Novel Insights for Inhibiting Mutant Heterodimer IDH1wt-R132H in Cancer: An In-Silico Approach

  • Ezequiel Iván Juritz
  • Juan Pablo Bascur
  • Daniel Eduardo Almonacid
  • Fernando Danilo González-Nilo
Original Research Article
  • 13 Downloads

Abstract

Background

Isocitrate dehydrogenase 1 (IDH1) is a dimeric enzyme responsible for supplying the cell’s nicotinamide adenine dinucleotide phosphate (NADPH) reserves via dehydrogenation of isocitrate (ICT) and reduction of NADP+. Mutations in position R132 trigger cancer by enabling IDH1 to produce d-2-hydroxyglutarate (2-HG) and reduce inhibition by ICT. Mutant IDH1 can be found as a homodimer or a heterodimer.

Objective

We propose a novel strategy to inhibit IDH1 R132 variants as a means not to decrease the concentration of 2-HG but to provoke a cytotoxic effect, as the cell malignancy at this point no longer depends on 2-HG. We aim to inhibit the activity of the mutant heterodimer to block the wild-type subunit. Limiting the NADPH reserves in a cancerous cell will enhance its susceptibility to the oxidative stress provoked by chemotherapy.

Methods

We performed a virtual screening using all US FDA-approved drugs to replicate the loss of inhibition of mutant IDH1 by ICT. We characterized our results based on molecular interactions and correlated them with the described phenotypes.

Results

We replicated the loss of inhibition by ICT in mutant IDH1. We identified 20 drugs with the potential to inhibit the heterodimeric isoform. Six of them are used in cancer treatment.

Conclusions

We present 20 FDA-approved drugs with the potential to inhibit IDH1 wild-type activity in mutated cells. We believe this work may provide important insights into current and new approaches to dealing with IDH1 mutations. In addition, it may be used as a basis for additional studies centered on drugs presenting differential sensitivities to different IDH1 isoforms.

Notes

Acknowledgements

The authors wish to thank Dr. Elisabeth Bik for her help improving the manuscript. FDGN thanks to Centro Interdisciplinario de Neurociencia de Valparaíso (CINV) which is a Millennium Institute supported by the Millennium Scientific Initiative of the Ministerio de Economía, Fomento y Turismo, Chile.

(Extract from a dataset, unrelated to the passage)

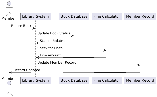 Problem Statement: A library member returns a book. The system needs to update the book’s status, check for any fines, and update the member’s record.

Compliance with Ethical Standards

Conflict of interest

The authors EIJ, JPB, DEA and FDGN have no conflicts of interest that are directly relevant to the content of this study. DEA is currently an employee of uBiome, Inc. and has received stock options as well as other compensations. FDGN is currently an advisor to uBiome, Inc. and has received stock options. uBiome had no influence on the design or execution of this study.

Funding

This study was funded by FONDECYT postdoctoral Grant no. 3150671 (PI: EIJ) and FONDECYT Proyecto de Inicio no. 11130578 (PI: DEA).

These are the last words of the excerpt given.